**** Recorded information ****

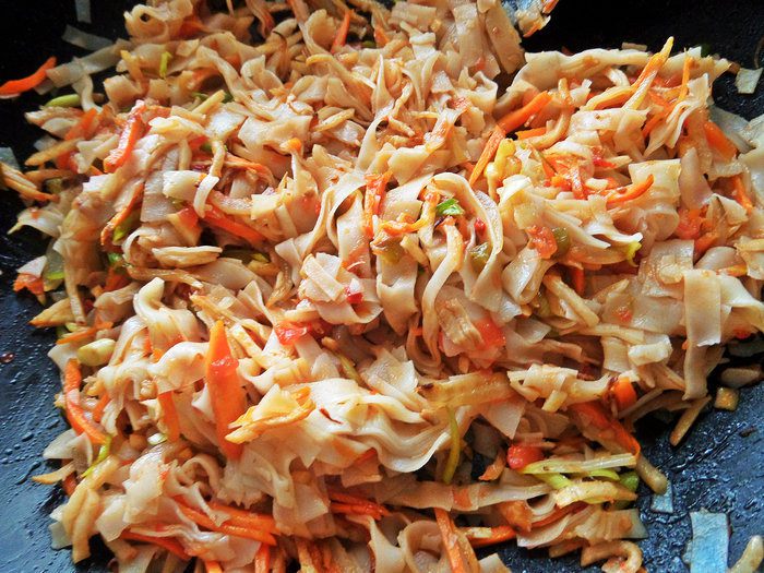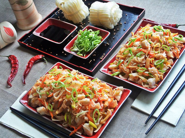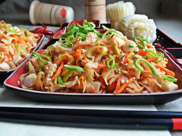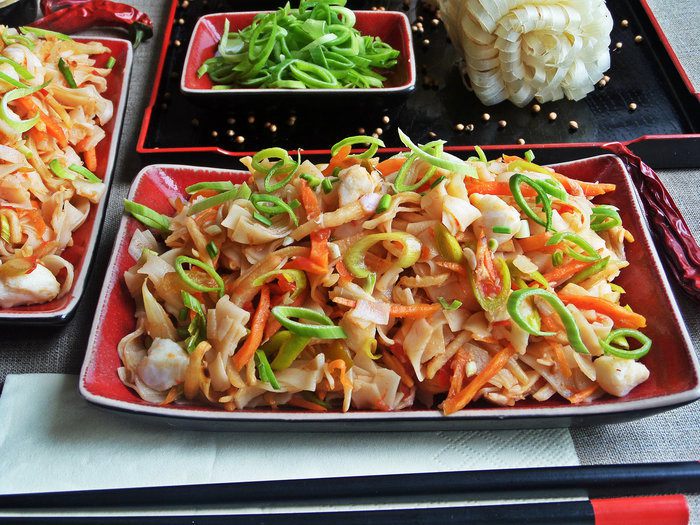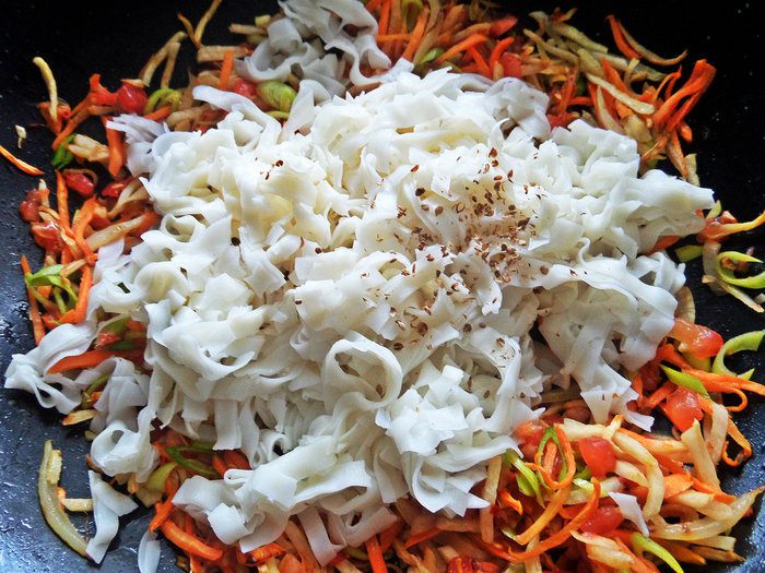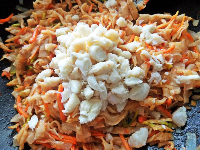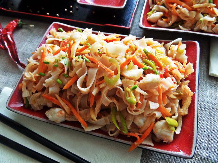 Нежная, но в то же время пикантная лапша с ароматными овощами и крабовым мясом понравится вам на ужин!
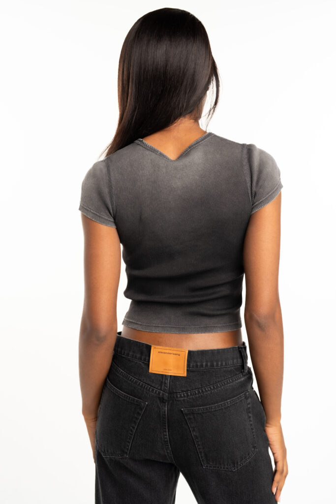 A crystal hotfix logo lights up this cotton ribbed t-shirt. The ash-grey bodycon top features a unique wash that enhances its bold graphic design.
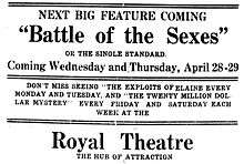 The Battle of the Sexes was the second D. W. Griffith feature to be released to the public, following Biograph's long-delayed release of Griffith's first feature, Judith of Bethulia, by barely more than a month. He had already begun The Escape (1914), but production had been stopped by actress Blanche Sweet's spell of scarlet fever, and the Reliance-Majestic Studio was already in trouble and in need of a viable Griffith property, fast.[4] Griffith decided on a scenario entitled "The Single Standard," written by in-house screenwriter Daniel Carson Goodman and filmed at the Reliance studio in New York City, rather than at the Hollywood studio, which was still being built. According to Lillian Gish, The Battle of the Sexes was shot in only five days.[5] Although the film was complete by February, its release was delayed two months more. Several reasons have been advanced for the impasse, but scholar Paul Spehr has suggested that both Reliance-Majestic and its distributor, Mutual, were having difficulty developing an effective distribution strategy for longer, multi-reel films in a market still dominated by one- and two-reel subjects.[6] The Battle of the Sexes was premiered at Weber's Theater in New York City on April 12, 1914, and was a considerable success; the first one Griffith enjoyed with his name over the title.

****

Task instructions → Word for word, return the material above, but drop the pictures.

Written answer →
 Нежная, но в то же время пикантная лапша с ароматными овощами и крабовым мясом понравится вам на ужин!
 A crystal hotfix logo lights up this cotton ribbed t-shirt. The ash-grey bodycon top features a unique wash that enhances its bold graphic design.
 The Battle of the Sexes was the second D. W. Griffith feature to be released to the public, following Biograph's long-delayed release of Griffith's first feature, Judith of Bethulia, by barely more than a month. He had already begun The Escape (1914), but production had been stopped by actress Blanche Sweet's spell of scarlet fever, and the Reliance-Majestic Studio was already in trouble and in need of a viable Griffith property, fast.[4] Griffith decided on a scenario entitled "The Single Standard," written by in-house screenwriter Daniel Carson Goodman and filmed at the Reliance studio in New York City, rather than at the Hollywood studio, which was still being built. According to Lillian Gish, The Battle of the Sexes was shot in only five days.[5] Although the film was complete by February, its release was delayed two months more. Several reasons have been advanced for the impasse, but scholar Paul Spehr has suggested that both Reliance-Majestic and its distributor, Mutual, were having difficulty developing an effective distribution strategy for longer, multi-reel films in a market still dominated by one- and two-reel subjects.[6] The Battle of the Sexes was premiered at Weber's Theater in New York City on April 12, 1914, and was a considerable success; the first one Griffith enjoyed with his name over the title.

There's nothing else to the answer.